A0645
Title: Survival analysis with a random change-point
Authors: Chun Yin Lee - Hong Kong Polytechnic University (Hong Kong) [presenting]
Kin Yau Wong - Hong Kong Polytechnic University (Hong Kong)
Abstract: Contemporary works in change-point survival models mainly focus on an unknown universal change-point shared by the whole study population. However, in some situations, the change-point is plausibly individual-specific, such as when it corresponds to the telomere length or menopausal age. Also, maximum-likelihood-based inference for the fixed change-point parameter is notoriously complicated. The asymptotic distribution of the maximum likelihood estimator is non-standard, and computationally intensive bootstrap techniques are commonly used to retrieve its sampling distribution. The motivation is from a breast cancer study, where the disease-free survival time of the patients is postulated to be regulated by the menopausal age, which is unobserved.
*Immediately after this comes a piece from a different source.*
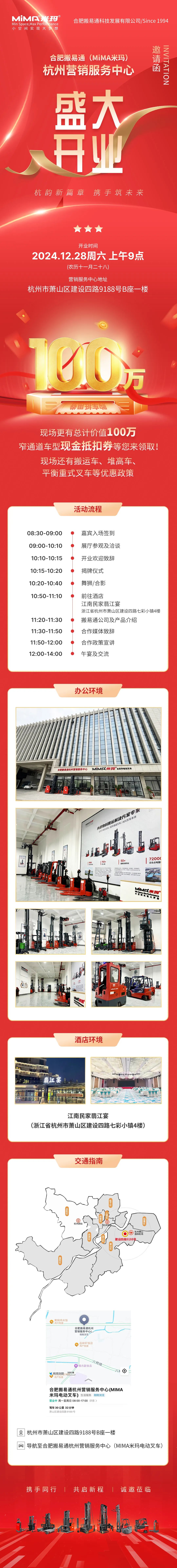 为庆祝杭州营销服务中心的开业,合肥搬易通(MiMA米玛)还准备了丰厚的开业福利。现场除发放100万MiMA窄通道车型现金抵扣券外,还推出了电动搬运车、堆高车、平衡重式叉车等多款产品的优惠政策,让在场客户能够享受到实实在在的价格优惠。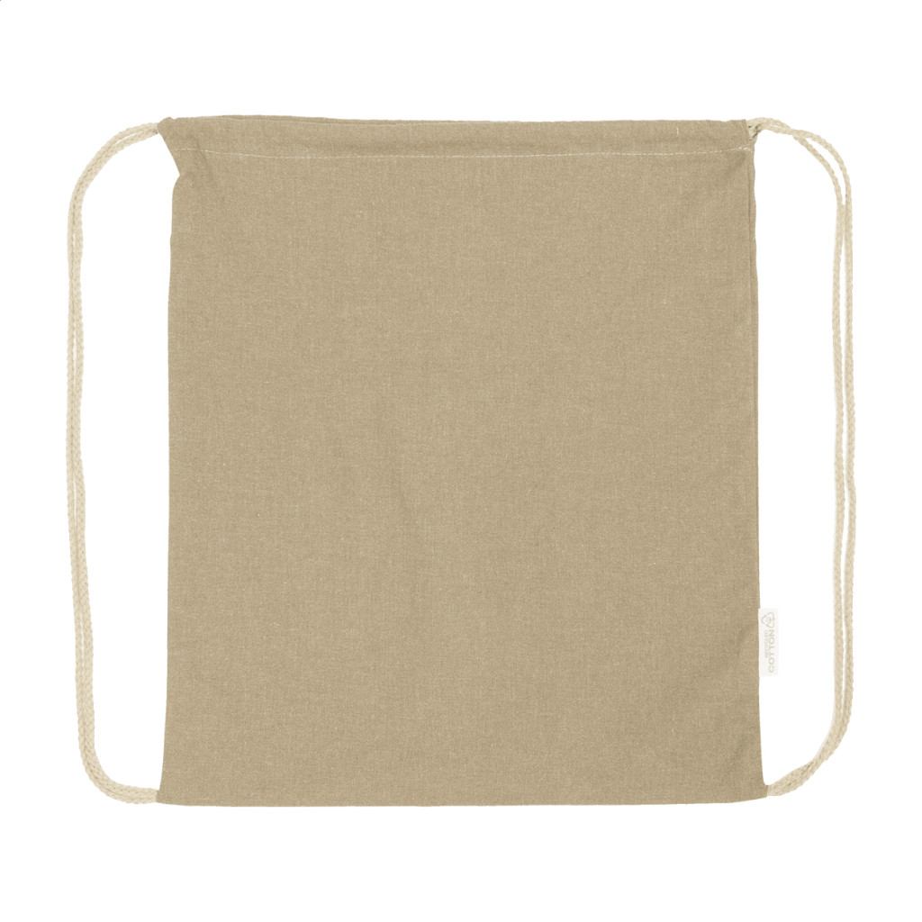70% újrahasznosított pamutból és 30% RPET poliészterből készült hátizsák, 140 g/m². Megkülönböztető újrahasznosított pamut címkével.

As menopausal age varies across patients, a fixed change-point survival model may be inadequate. Therefore, a novel proportional hazards model is proposed with a random change-point. A nonparametric maximum likelihood estimation approach is developed, and a stable EM algorithm is devised to compute the estimators. Because the model is regular, conventional likelihood theory is employed for inference based on the asymptotic normality of the Euclidean parameter estimates, and a profile-likelihood approach can consistently estimate the variance of the asymptotic distribution. A simulation study demonstrates the proposed methods' satisfactory finite-sample performance, yielding small bias and proper coverage probabilities.